3. Paste your latex code into the text box and click play.
4. You'll get your Latex read out to you!

FAQ:

- **Does this remove citation and reference commands?** Yes, automatically done!
- **How long does it take to generate speech?** The total generation pipeline is ~4x realtime, so 1 minute of speech will take ~15 seconds. Note, that the first run will take longer, since the model needs to be downloaded.
- **Can I change the playback speed?** Click on the three dots in the audio player and select "Playback speed."
- **What model does this use?** It uses the [Tacotron-DDC](https://coqui.ai/blog/tts/solving-attention-problems-of-tts-models-with-double-decoder-consistency) model from [Coqui-AI](https://github.com/coqui-ai/TTS).

In [None]:
#@title Setup - Click the play icon

# Needed for inflect
import locale
locale.getpreferredencoding = lambda: "UTF-8"

# Install packages
!pip install TTS inflect pydub

from TTS.api import TTS
from pydub import AudioSegment
from pydub.effects import speedup
import re
import textwrap
import inflect
import string
import random
from IPython.display import display, clear_output, HTML, Audio
from google.colab import files
from pathlib import Path

# Conversion of numbers
p = inflect.engine()
def convert_numbers(matchobj):
    return p.number_to_words(matchobj.group(0))
clear_output(wait=True)

In [2]:
#@title Generate speech

text = "In this work we propose the Transformer, a model architecture eschewing recurrence and instead relying entirely on an attention mechanism to draw global dependencies between input and output.
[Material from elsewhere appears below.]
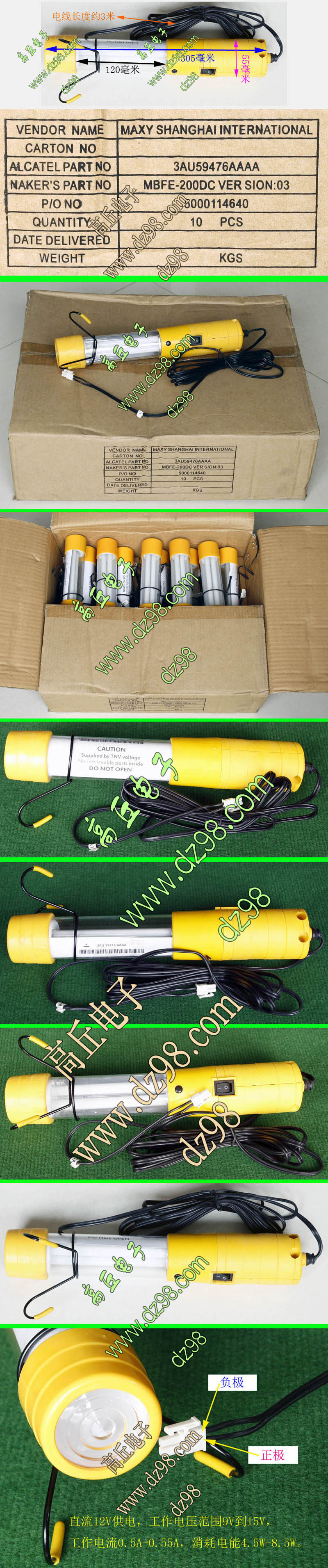 全新原装,每原包装箱数量12只,每只重量约510克,黑色塑料外壳,做工好,内部选用优质元件,厂牌:飞利浦,产地:中国,输入电压220V,频率50/60Hz,点火电压3-5KV,

The Transformer allows for significantly more parallelization and can reach a new state of the art in translation quality after being trained for as little as twelve hours on eight P100 GPUs." #@param {type:"string"}
# Clean up latex
# Strip latex citations and references
text = re.sub(r"\\cite\{[A-za-z\d,\s]+\}", "", text)
text = re.sub(r"\\citep\{[A-za-z\d,\s]+\}", "", text)
text = re.sub(r"\\ref\{[A-za-z\d,\s\-\_:]+\}", "", text)
# Convert numbers to words
text = re.sub(r"\d+(\.\d+)?", convert_numbers, text)
# Remove random latex symbols
for s in ["$", "\\", "{" ,"}"]:
  text = text.replace(s, "")
text = text.replace("_", "-")


wavs = []
model_name = "tts_models/en/ljspeech/tacotron2-DDC"
tts = TTS(model_name, gpu=True, progress_bar=False,)
wav = tts.tts(text)
clear_output(wait=True)
print(" \n".join(textwrap.wrap(text, width=70)))
print()
display(Audio(wav, rate=22050))

In this work we propose the Transformer, a model architecture 
eschewing recurrence and instead relying entirely on an attention 
mechanism to draw global dependencies between input and output. The 
Transformer allows for significantly more parallelization and can 
reach a new state of the art in translation quality after being 
trained for as little as twelve hours on eight Pone hundred GPUs.